寮監に部屋の場所を聞いた葵は、そそくさとエレベーターのほうへと向かった。彰人もそれに着いていく。
「葵君の部屋は、何階だって?」
彰人の問いかけに「6階だとさ」と葵は答える。
「俺の部屋も6階なんだよね」と言いながら、彰人はエレベーターの6のボタンを押す。
しばらくするとエレベーターのドアがしまり、無機質な音を立てながら上へと上がっていく。

「・・・そういえばさ、校舎ではそこまでガチガチじゃなかったのに、どうしてこの寮ではあんなに緊張していたの?」
彰人はそれが先ほどから気になっていた。校舎もそれなりには豪勢なつくりのはずなのに、何故葵は平気だったのだろう。
「校舎にはまだ“学校”って雰囲気があったから、それなりに平気だったんだけれど・・・
寮は完璧に高級ホテルっぽいじゃん。そんなところに住むって思うとさぁ〜・・・なんか、いろいろ堪えられなくて」
確かに、校舎のほうはいくら豪勢でも“学校”という雰囲気があった。それもあって、葵はまだ緊張しなかったのだろう。
しかしこの寮は“学園”という雰囲気も感じられないほど高貴なつくりだ。校舎よりもお金がかかっている気もする。
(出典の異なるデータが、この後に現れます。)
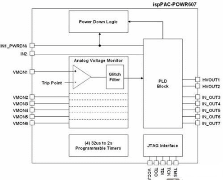 Power Manager II POWR607器件的6個電壓.(VMON)都是獨立可編程的。斷點比較器提供192可編程點,整個范圍為0.667V到5.811V。當電源關閉之后,每個都提供一個75mV零檢測選擇,以確定電源輸出是否已經衰退到無效的情況。如果被監測的電壓大于斷點設置,每個比較器輸出一個邏輯高電平至可編程器件塊。比較器提供設定點的滯回約1%,以減少由電路板引入的輸入噪聲造成的誤觸發,以及由于開關電源而引起的正常電源紋波。過電壓和欠電壓電壓斷路點是可編程的,反映了被管理的DSP/FPGA/微機的容差。每一個電壓.提供一個數字濾波器,可以延時比較器的輸出,以避免假的觸發條件。針對CPU的看門狗定時器功能,該器件提供一個內置的振蕩器和可編程定時器電路,設定時序間隔范圍為32微秒到2秒。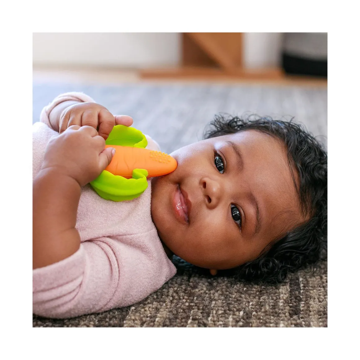 Questo massaggiagengive a forma di carota in silicone è la soluzione perfetta per lenire le gengive delicate del tuo piccolo e offrire sollievo durante la dentizione.

平凡主義だった葵にとって、そんなところで“住む”ことのほうが学園生活を送ることよりも緊張するのだ。

「まぁ、住んでいるうちに慣れるって」
彰人の励ましの言葉に「もし俺にそれができたら、自分で自分に自分のこと褒めちぎる・・・」とため息交じりに葵は呟いていた。
その葵の言葉に「“自分”が一個多いよ?」と彰人は苦笑を浮かべながら突っ込みを入れていた。